Sometimes, letting go of something is the key to gaining what you want. In Maggie Rath’s case, the decision to amputate both legs came from her desire to walk and do CrossFit again. It wasn’t an easy decision, but it was necessary.
Rath’s journey towards elective amputation began in August 2016, when her left pinky finger became stiff, curved, and achy. Her rheumatologist and primary care doctor diagnosed her with carpal tunnel syndrome or arthritis. However, despite taking the prescribed medications, Rath’s situation only worsened.
Over the next few weeks, Rath’s other fingers bent in alien-like ways, and her mysterious symptoms spread to her calves and toes. Her calves became so tight that she couldn’t put her heels on the floor.
By early September 2016, Rath consulted various neurologists and was diagnosed with different disorders, including ALS, multiple sclerosis, and Parkinson’s. Rath received countless medications, four rounds of chemotherapy, and intravenous immunoglobulin infusions as treatment for her various diagnoses. Still, nothing worked.
Her doctors couldn’t figure out what was wrong with her, even as her illness progressed to her legs.
Image: Maggie Rath / Instagram
Nine months after the first symptom showed up, Rath walked on her legs for the last time. It was April 8, 2017—her wedding day. The next day, she woke up and discovered she couldn’t walk anymore.
The rapid degeneration of her legs affected her mental health. She dwelt on the series of events, making her angry at the world around her. But one day, Rath decided to face the cards she was dealt with.
In 2018, she decided to live her life even without treatment. She gathered strength and inspiration from other people with disabilities who were able to live their lives again through CrossFit. Rath decided to ease into the sport again, training three times a week and learning how to perform exercises that were typically done standing while seated.
A new hope
Although returning to the sport she loves seemed like a good happy ending for her story, Rath found hope again in 2019 when a researcher at MIT reached out to her after reading her story on Shape. The researchers suggested she watch a TED Talk by Hugh Herr. Coincidentally, Rath’s uncle, a retired physician, sent her the exact video that night.
After researching above- and below-knee amputations and Googling bionic prosthetic limbs, Rath decided to amputate both legs. To start the process, she reached out to other MIT and Brigham and Women’s Hospital experts who had been conducting studies on a new procedure called the Ewing Amputation. This surgical technique maintains the normal signaling between the brain and the muscles, so patients will feel like they’re still operating their biological limb, not a prosthetic limb.

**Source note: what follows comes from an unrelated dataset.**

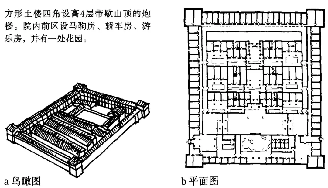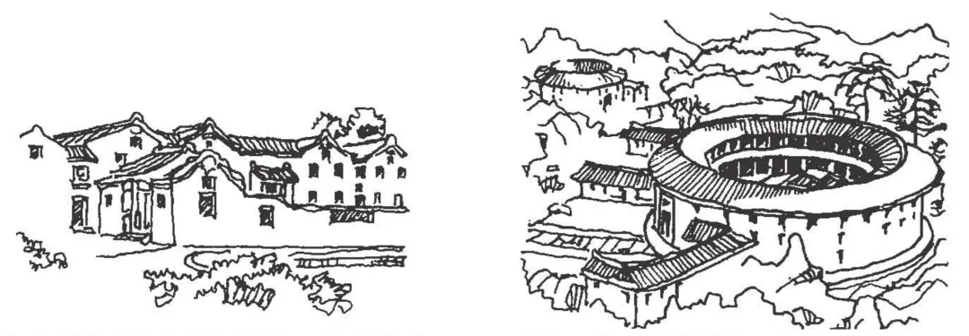 8、福建永定-右:传统土楼,外部封闭,内部开敞。
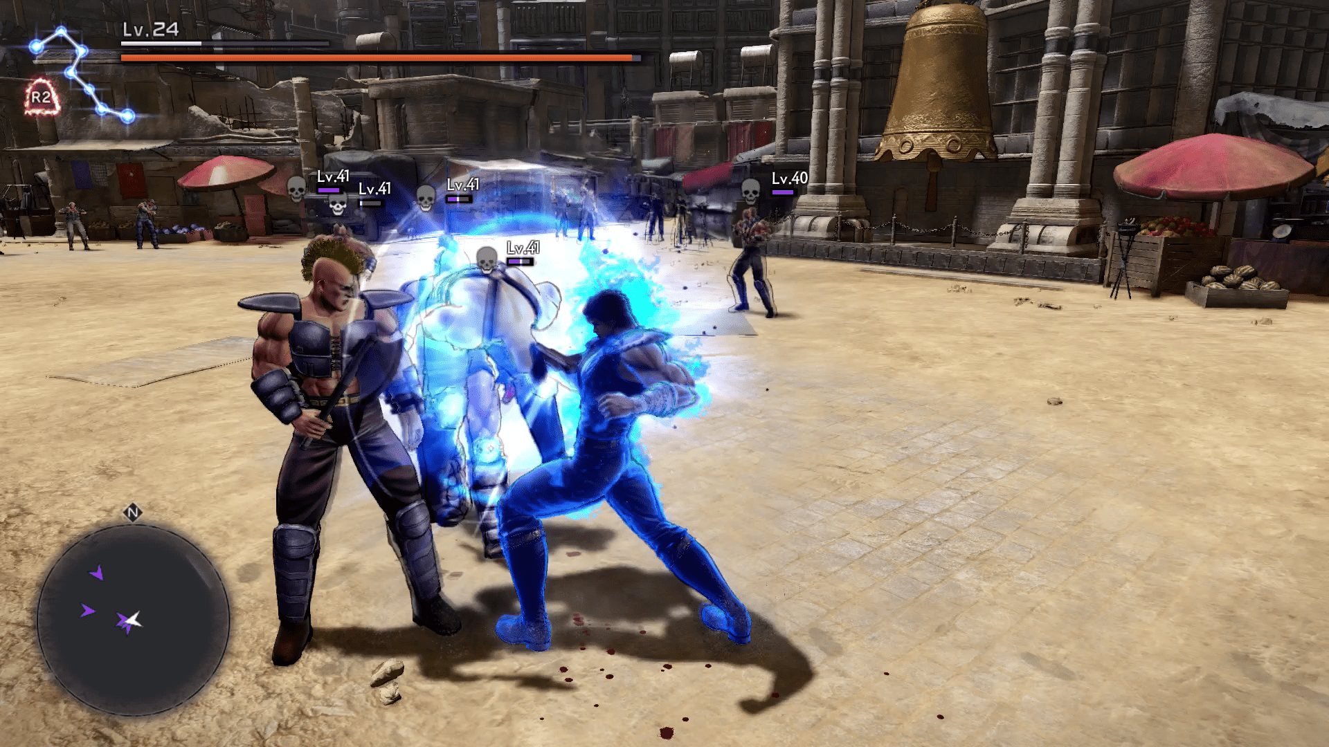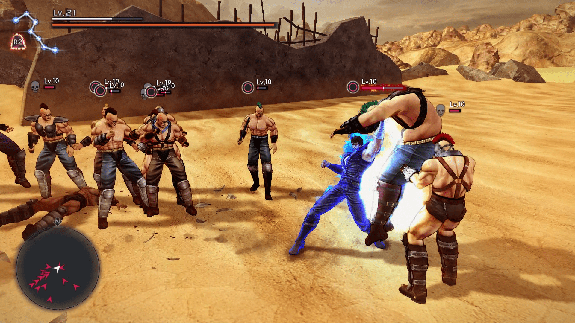 Wer die Yakuza-Spiele kennt, wird nicht lange brauchen, um die enge Verwandtschaft zur Reihe zu erkennen. Zwar ist die Welt von Lost Paradise größer (mehr Open-World als Open-City), Spielprinzip und diverse Mechaniken ähneln sich aber doch gewaltig. Hier wie dort wird die Story in ausufernden Gesprächen und Zwischensequenzen erzählt, die dann üblicherweise in ausschweifenden Martial-Arts-Schlägereien enden. Die sind, ebenso wie bei Yakuza, das Herzstück des Games, was aber hier doppelt gilt – denn eben die spezielle Kampfkunst von Kenshiro ist ein essentieller Bestandteil der Vorlage. Als Meister der Hokuto Shinken Schule, kann er nämlich, allein durch Berührung mit nur einem Finger, jemanden qualvoll töten, oder auch heilen. Umgesetzt wird dieses Prinzip ähnlich wie die sogenannten Heat-Actions in neueren Yakuza-Titeln. Durch das Verprügeln von Gegnern füllt sich ein Balken, was einem dann erlaubt, diverse Special Moves auszuführen. Von diesen gibt es unzählige, da der ausgeführte Angriff nicht nur von des Spielers Controller-Eingaben abhängt, sondern auch von der direkten Umgebung.

The Ewing Amputation maintains the normal signaling between the brain and the muscles, so patients feel like they’re still operating their biological limb, not a prosthetic limb.
Over the next few months, Rath discussed her story and goals with the Ewing Amputation research team via Zoom. She also met various medical professionals to ensure that amputation was the last—but best—choice for her condition.
Five months before her bilateral leg amputation in March 2022, Rath prepared for the surgery by doing CrossFit six days a week. She wanted to ensure her body was as strong as possible for the amputation and the following recovery period. She also asked for advice on what to expect and how to prepare from another bilateral amputee, who had undergone the Ewing procedure two years before.
Rath was also made aware of the risks associated with her procedure. Although amputating her legs below the knee could eliminate the pain she felt in her calves, shins, Achilles tendon, and feet, there was also a good chance it could be aggravated. Amputation could cause the mysterious condition to “attack” other muscle groups.
However, Rath held tight to her dreams of standing again. She decided to take the chance. So, after nine hours in the operating room, Rath became the first female in the research group to amputate both legs simultaneously.
Rath began physical therapy in a rehab facility in Boston within a week of her amputation. Rath wore immobilizers during her program. The immobilizers are a type of leg brace that keeps knees and residual limbs properly positioned and protected while healing.
For the first time in five years, Rath walked again on April 8, 2022. Her recovery was fast, spending only two weeks at the rehab facility. Rath credits her rapid improvement to her positive mindset and CrossFit workouts. And by the end of May 2022, she received her first pair of prosthetic legs on her 35th birthday. She described what she felt at this moment as “feeling liberated.”
As of this publication, Rath still undergoes physical therapy for two and a half hours a day, five days a week, in her home in Virginia. And before 2022 ends, she will have already tested her first bionic legs at MIT.
Rath is determined to do everything she can with her new prosthetic legs, from doing CrossFit to trying new adaptive sports like snowboarding and swimming. She also hopes to meet and compete with other incredible adaptive athletes worldwide, as well as learn how to make the most out of her life from them.
Although things are looking up for Rath, her doctors still don’t know the cause of her mysterious symptoms.